Canada’s Transportation Safety Board (TSB) says they don’t know the exact cause of a plane crash last year that killed two much-loved MRU flight instructors, Jeff Bird and Reyn Johnson.

According to the TSB report, after taking off from Springbank Airport last February 13, Johnson and Bird spun out of control during a stall exercise in a Tecnam P2006T aircraft for “unknown reasons.” After they regained control, they were too close to the ground to recover from the dive.

The report notes that MRU’s training material listed two stall recovery techniques even though Transport Canada recommends only one. As a result, the aviation program revised its multi-engine operating procedures.

Elizabeth Evans, dean of MRU’s faculty of business and communications studies, said the aviation program will learn from the tragedy.

“We will carefully review the TSB report to see where we can further enhance the aviation program,” Evans said “(The results of the report) mean we will be spreading a very broad net to ensure all safety aspects of our program are looked at and reviewed and continued to be developed.”

Aviation EvansElizabeth Evans, dean of MRU’s faculty of business and communications studies, said the aviation program will continue to improve its safety measures. Photo by Paul McAleer.

According to the report, the aviation program responded to the tragedy in numerous ways, including voluntarily grounding its two Tecnam planes until the report was released and purchasing a Piper Seneca twin-engine aircraft instead. The two Tecnams will now be sold.

Evans said it will be a continuous process when it comes to enhancing the program’s safety measures.

“We have initiated a revised altitude requirement that all manoeuvres are done at 4,000 ft. or higher above terrain – that is certainly well above the standard expectation from Transport Canada,” she said. “We’ve also been working very closely in our safety management system and with our safety management officer to explore new software and technology that can support us in terms of understanding and helping teach our students.”

One possible avenue involves using iPads to monitor flights, serving as an instructional tool as well as a safety measure.

“We will continue to underline and evolve our safety procedures, erring on the side of supreme caution as we continue to focus on being one of the leading aviation programs in Canada,” Evans said.

Brendan Martin, president of the Aviation Student Executive, said the support from the aviation community, MRU’s mental health resources and the kinship within the program helped the students recover from the tragedy.


To honour Bird and Johnson, the aviation students raised money to create these model planes.

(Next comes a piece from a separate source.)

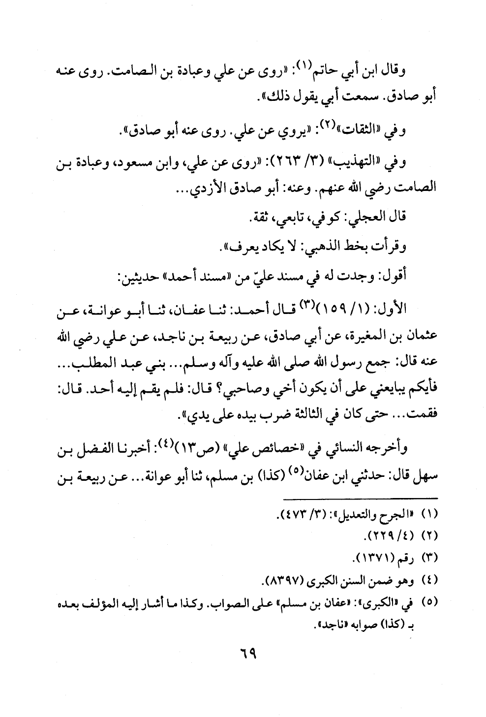 الأول: (١/ ١٥٩) (¬٣) قال أحمد: ثنا عفان، ثنا أبو عوانة، عن عثمان بن المغيرة، عن أبي صادق، عن ربيعة بن ناجد، عن علي رضي الله عنه قال: جمع رسول الله صلى الله عليه وآله وسلم ... بني عبد المطلب ... فأيكم يبايعني على أن يكون أخي وصاحبي؟ قال: فلم يقم إليه أحد. قال: فقمت ... حتى كان في الثالثة ضرب بيده على يدي».

Photo by Paul McAleer.

He said both Bird and Johnson had personalities that would light up any room they were in.

The aviation students took a break from flying after the crash, but Martin said the best way to honour their legacy was to step back in the cockpit and continue their training.

“It is a love and passion that we all share and for us, it was really getting back into that plane that was the best way we could honour Reyn and Jeff,” he said.